Pigs have a "remarkable” ability to learn how to play video games — an ability that's nothing to be snorted at. The pigs are unlikely to be taking home an E-sports trophy anytime soon, but their aptitude for learning this skill has highlighted their surprisingly high level of intelligence and cognitive flexibility.
Their exploits were recently the subject of a study in the journal Frontiers in Psychology. The research saw two Yorkshire pigs, named Hamlet and Omelette, and two Panepinto micro pigs, Ebony and Ivory, being taught how to play a simple video game. The pigs were trained to move a joystick with their snouts in front of a computer screen. If they successfully moved the pointing using the joystick toward one of the targets on the screen, they were rewarded with a snack. Even once the pigs stopped receiving the reward, they were able to complete tasks using only verbal and touch cues.
The researchers, who have previously explored the depths of chimpanzee cognition, described their ability to pick up this skill as "remarkable."
"It is no small feat for an animal to grasp the concept that the behavior they are performing is having an effect elsewhere. That pigs can do this to any degree should give us pause as to what else they are capable of learning and how such learning may impact them," Dr Candace Croney, lead study author and a professor at Purdue University and director of the Purdue Center for Animal Welfare Science, said in a statement.

Plenty of research has shown that pigs are among the animal kingdom’s most intelligent beings. Scientists have even observed Visayan warty pigs, a critically endangered species native to just two islands in the Philippines, using tools in captivity. Although the pings in this study did not perform to the level of mastery expected by a chimp or another non-human primate, the researchers believe this could be explained by the nature of the experiment, which was designed for dexterous and visually-oriented mammals.

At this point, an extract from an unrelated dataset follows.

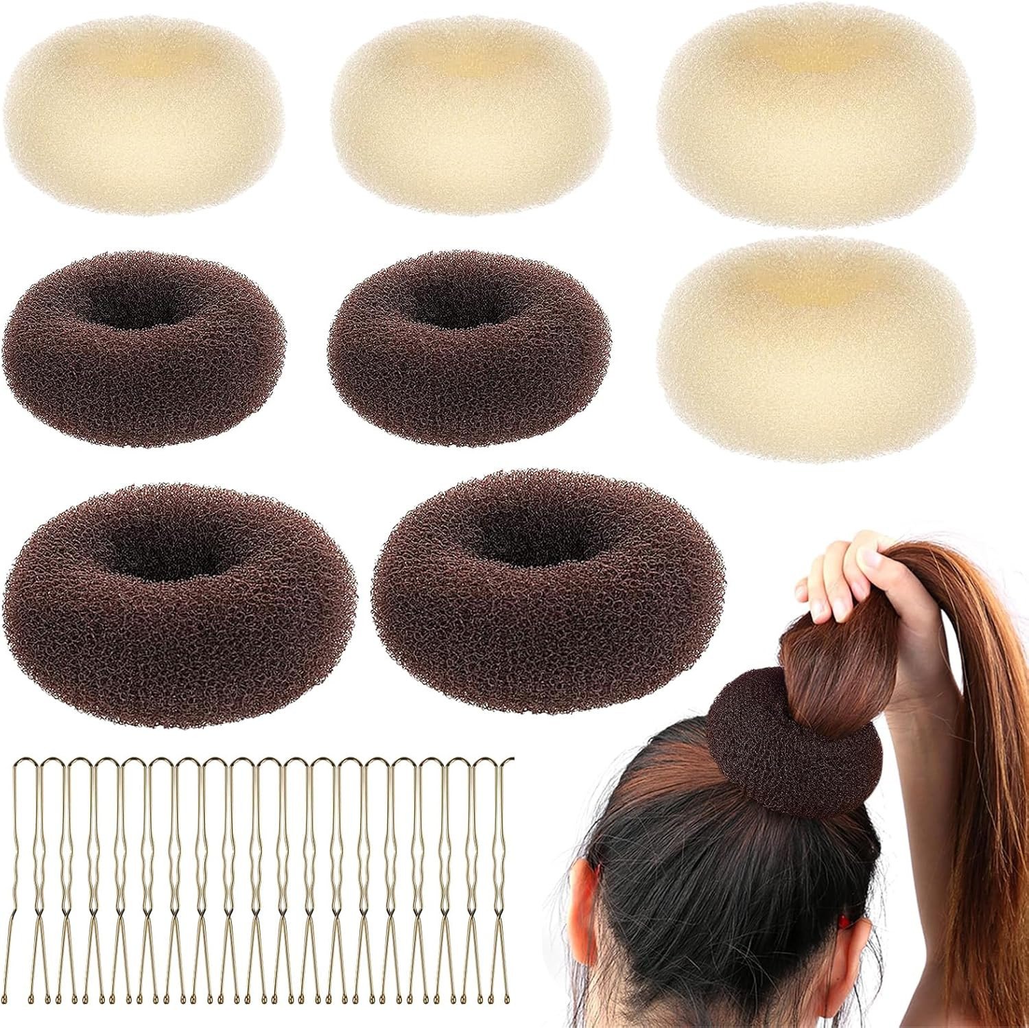 Ninnyi 28 PCS Hair Bun Donut Sets, 8 Hair Doughnuts for Buns with 20 Hair Pins,

Considering pigs are farm animals, the research also raises some ethnic questions. If, as this study suggests, pigs are deeply intelligent creatures with certain cognitive abilities that are comparable to chimpanzees, should that change the way we treat them in agricultural practices?
"This sort of study is important because, as with any sentient beings, how we interact with pigs and what we do to them impacts and matters to them," Croney said.
"Informing management practices and improving pig welfare was and still is a major goal, but really, that is secondary to better appreciate the uniqueness of pigs outside of any benefit we can derive from them," remarked Croney.